When it comes to rolling up their sleeves and planting to grow their own food, community members certainly dig gardening.
And it’s happening full-bloom in the company of neighbours, as citizens are nurturing relationships along with the fruits and vegetables they tend to in various shared spaces throughout the community.
Peterborough has the highest number of community gardens per capita in the country.
There are 47 community gardens in Peterborough county and city and interest in the activity continues to grow each year. The community garden movement is thriving.
“Eating healthy, fresh food is great but getting outside, exercising and getting more fresh air — people identify that’s good for them both physically and mentally.”
Nourish just finished a series of education sessions about growing fruits and vegetables.
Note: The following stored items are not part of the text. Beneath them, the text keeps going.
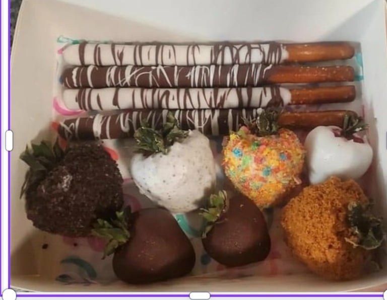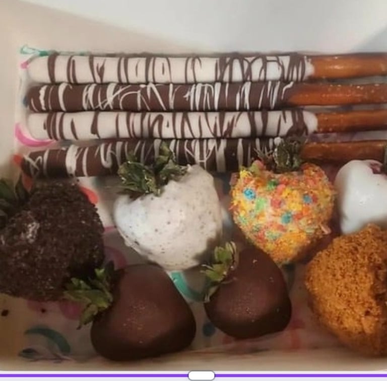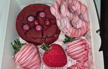 We specialize in cakes, cookies, candied fruit, popcorn, and custom party favor treats that are made fresh and full of flavor. Whether you’re celebrating a birthday, baby shower, wedding, or just treating yourself, our goal is simple... to make every moment a little sweeter.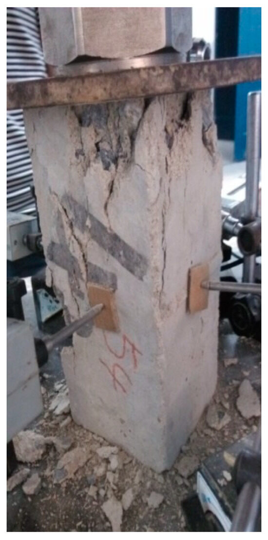 The failure of the specimen with the size of 150 mm × 150 mm × 300 mm and the height–width ratio of 2 is shown in Figure 6. There is a wide oblique crack on the surface of the specimen. The crack penetrates from the top of the specimen to the bottom. The widest part of the crack is about 3 cm, and the deepest part can be up to 3–4 cm. The two oblique cracks in the adjacent surface have been penetrated, and the failure of the specimen is extremely serious. Large amounts of coarse aggregate fall off. The top of the specimen shows the most severe failure, the bottom is relatively complete, and the shear failure characteristics are obvious. The overall integrity of the specimen after failure is more complete than that of the specimen with a size of 100 mm × 100 mm × 200 mm.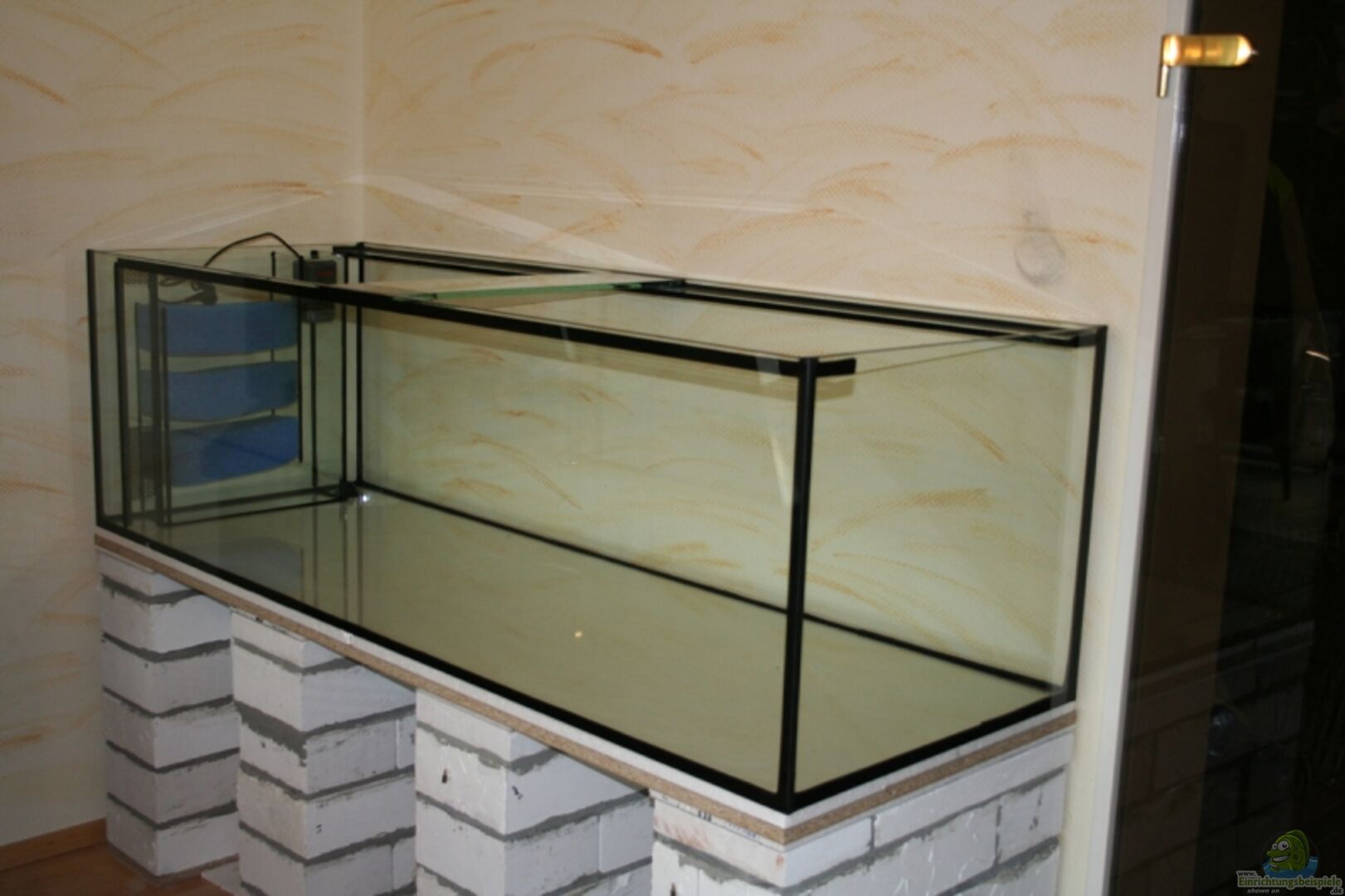 Sto??verklebtes 12 mm Glas; 2 Quer- und 1 Mittelstrebe; linksseitig eingeklebter Bio-Innenfilter; dahinter 25 mm Bodenbohrung mit PVC-Verrohrung und Kugelhahn zum Wasserwechsel; Unterschrank aus Ytong-Steinen gemauert: Solide und kostengünstig; Aufbau des Unterschranks vom Boden aus: 1 Lage Trittschallschutz (des Parketts wegen), 19 mm Spanplatte, Ytong-Steine, 10 mm Styropor, 22 mm Spanplatte, 20 mm Styropor, darauf der Tank !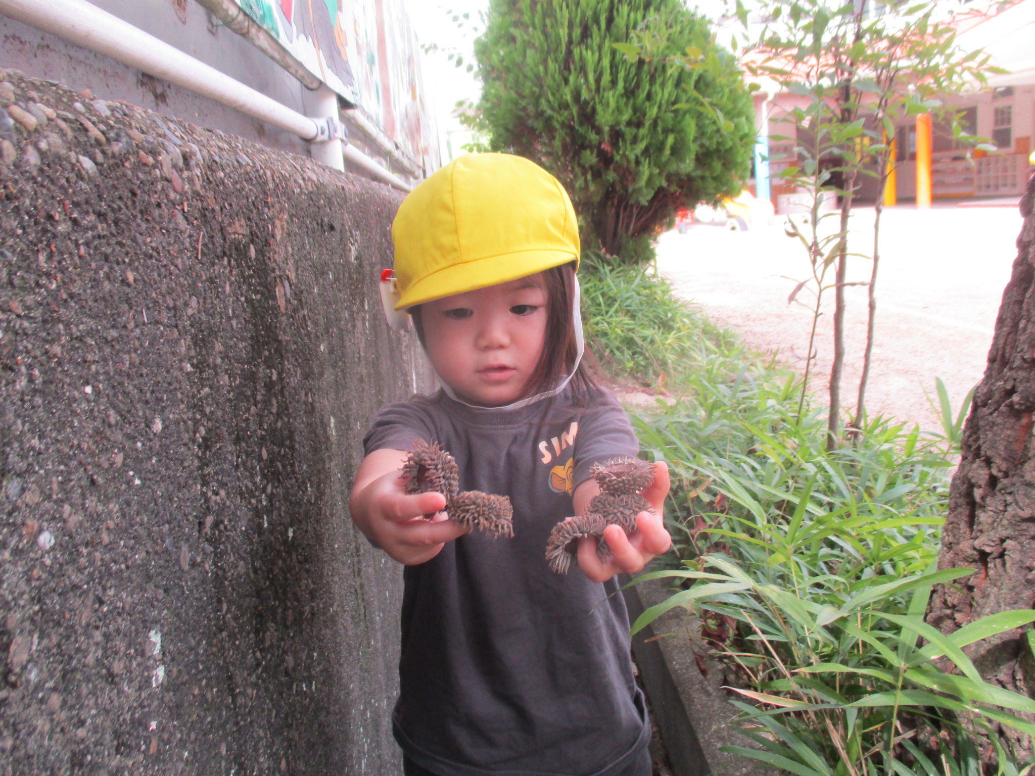 日中は太陽の日差しもあり暑い日が続いていますが、園庭で秋の訪れを子どもたちが見つけていました!!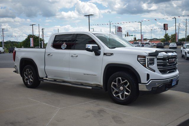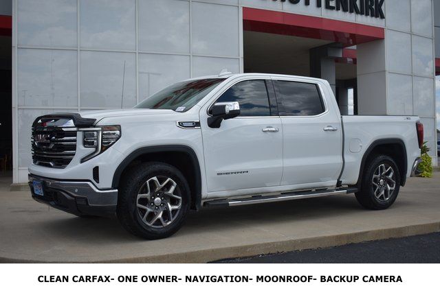2022 GMC Sierra 1500 Summit White SLT 3.0L I6 10-Speed Automatic 4WD Fixed Running Boards, Towing/Camper Pkg, Clean Carfax, One Owner, Navigation, Sunroof/Moonroof, Leather, Local Trade, Backup Camera, Sierra 1500 SLT, 10-Speed Automatic, 4WD, Summit White, Dark Walnut/Slate Leather, 2 Charge/Data USB Ports Inside Center Console, 6 Speakers, ABS brakes, Air Conditioning, AM/FM radio: SiriusXM with 360L, Automatic temperature control, Bumpers: chrome, Compass, Driver door bin, Driver vanity mirror, Electronic Precision Shift, Exterior Parking Camera Rear, Front Bucket Seats, Front Center Armrest w/Storage, Front dual zone A/C, Fully automatic headlights, Heated door mirrors, Heated Driver & Front Outboard Passenger Seating, Heated front seats, Heated Steering Wheel, Hill Descent Control, Illuminated entry, Low tire pressure warning, Memory seat, Navigation System, Outside temperature display, Overhead console, Panic alarm, Passenger door bin, Passenger vanity mirror, Power Door Locks, Power door mirrors, Power driver seat, Power Front Passenger Windows w/Express Up/Down, Power Front Windows w/Driver Express Up/Down, Power Rear Windows w/Express Down, Power Sliding Rear Window w/Rear Defogger, Power steering, Power Sunroof, Power windows, Push Button Start, Radio data system, Rear seat center armrest, Rear step bumper, Rear window defroster, Remote keyless entry, Speed control, Steering Wheel Audio Controls, Steering wheel mounted audio controls, Telescoping steering wheel, Tilt steering wheel, Traction control, Trip computer, Ventilated Driver & Front Passenger Seats.
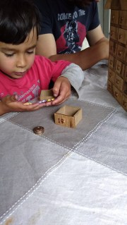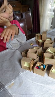 “Mummy, do you know which one had this?” “He must have had them. He must have had them in his box because he’s the lightest.” (The green wise man.)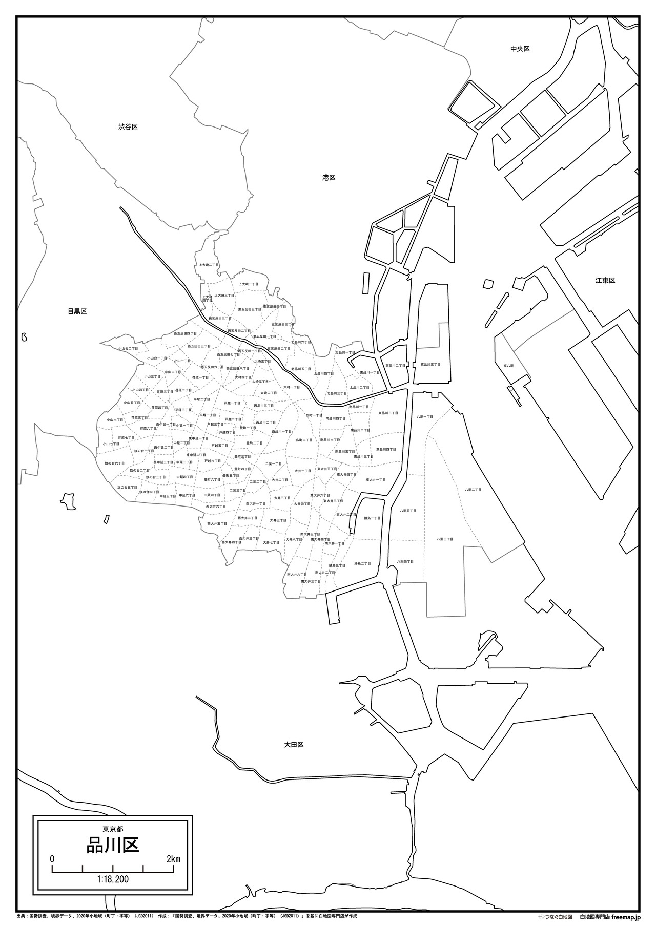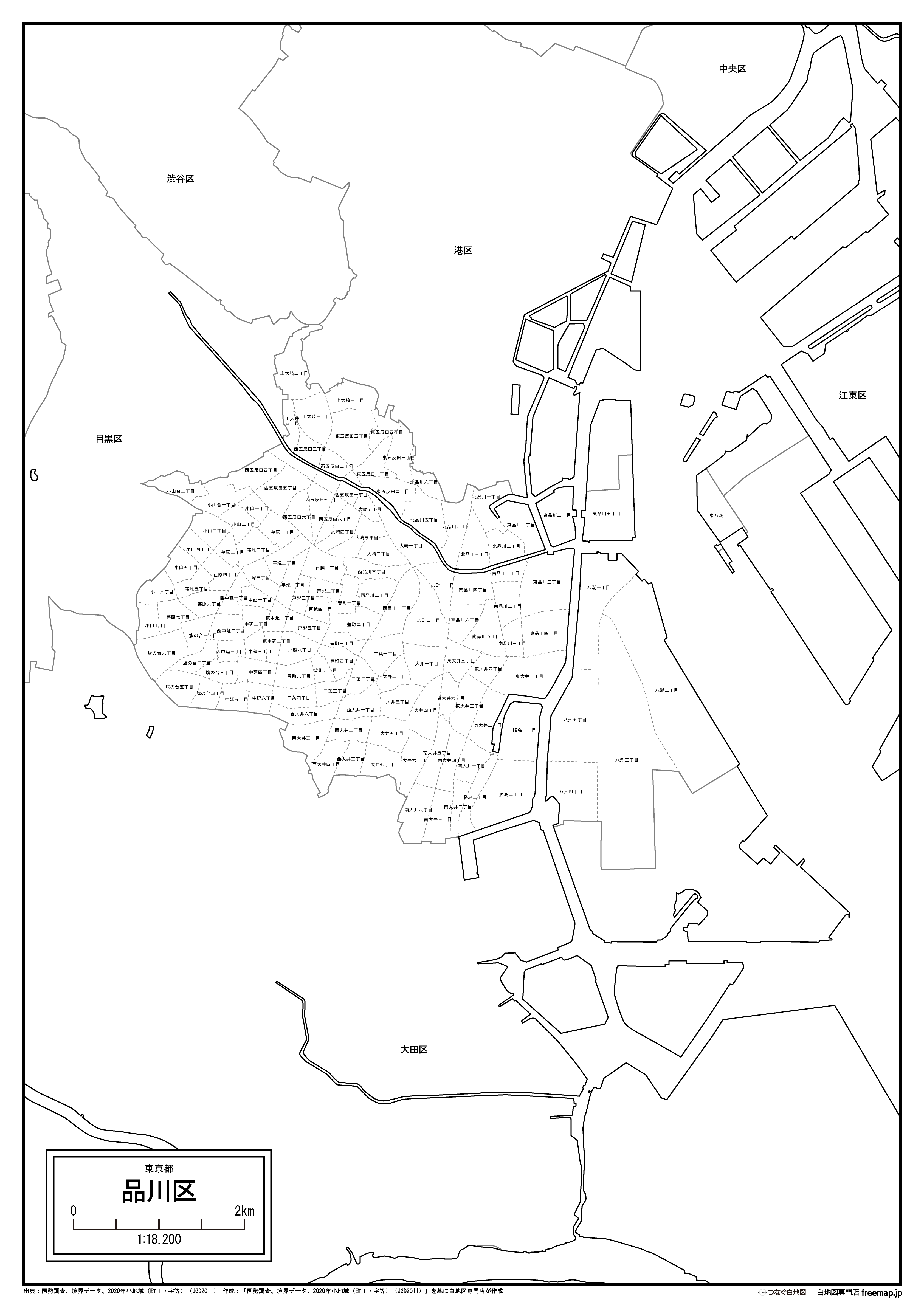 東京都品川区の町名(町丁目)も記載した地図データです。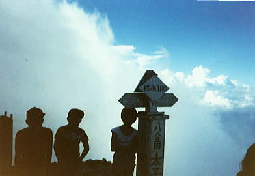 | 子供達 よく寝.良く食べたせいか八合目は長かったが.アッと言う間に着く。八合八尺で一本取った。 全員すこぶる元気。 子供がザックから出した菓子袋はどれもが気圧が薄く大きく膨らんでいた。 自分で詰めた間食を見て.驚き笑いだす子供達。 そこに自衛隊の野営登山班と出隅した。休んで間食を摂っていると「良いな!」と声が掛かる。 又.子供にも「頑張って!」とも。子供達は元気に「はい。」と返事を返していた。我ながら嬉しいひとことだった。 8合目8尺からが長かった |

The series targeted elevating the interest in growing food and providing citizens with the impetus and skills to garden.
There are health benefits of community gardening for individuals and the overall neighbourhood alike, Jill Bishop, community food cultivator with Nourish, recently told Electric City Magazine.
“Eating healthy, fresh food is great but getting outside, exercising and getting more fresh air — people identify that’s good for them both physically and mentally,” Jill says.
Community gardens bring people together and help ease isolation and promote emotional well-being, she adds.
Gardeners have identified other reasons why they enjoy being involved in community gardens such as getting to know their neighbours and changing their community for the better.
By increasing the number of local community gardeners and available garden space, families and individuals are able to grow fresh, healthy produce for very little money, green previously under-used areas and work together to enhance the communities in which they live.
Meanwhile, with a growing interest in the origin of the food that winds up on family dinner tables, community gardens remove that element of mystery.
Naturally, they also provide a source of nourishment that’s cost-effective. “A lot of people have trouble affording fresh and healthy food so this can help them supplement their budget in that sense,” Jill notes.
Several of the gardens also have donation plots that contribute fresh foods to community organizations and food banks.
Many of Peterborough’s community gardens are located on public property. A few years ago, Nourish worked with 10 daycares to add gardens at their locations for use in their programs.
The city’s community gardens have more than 500 plots and about 1,000 gardeners who utilize them. The average plot is 10 feet x 10 feet. Costs vary from $5 to $25 for the season.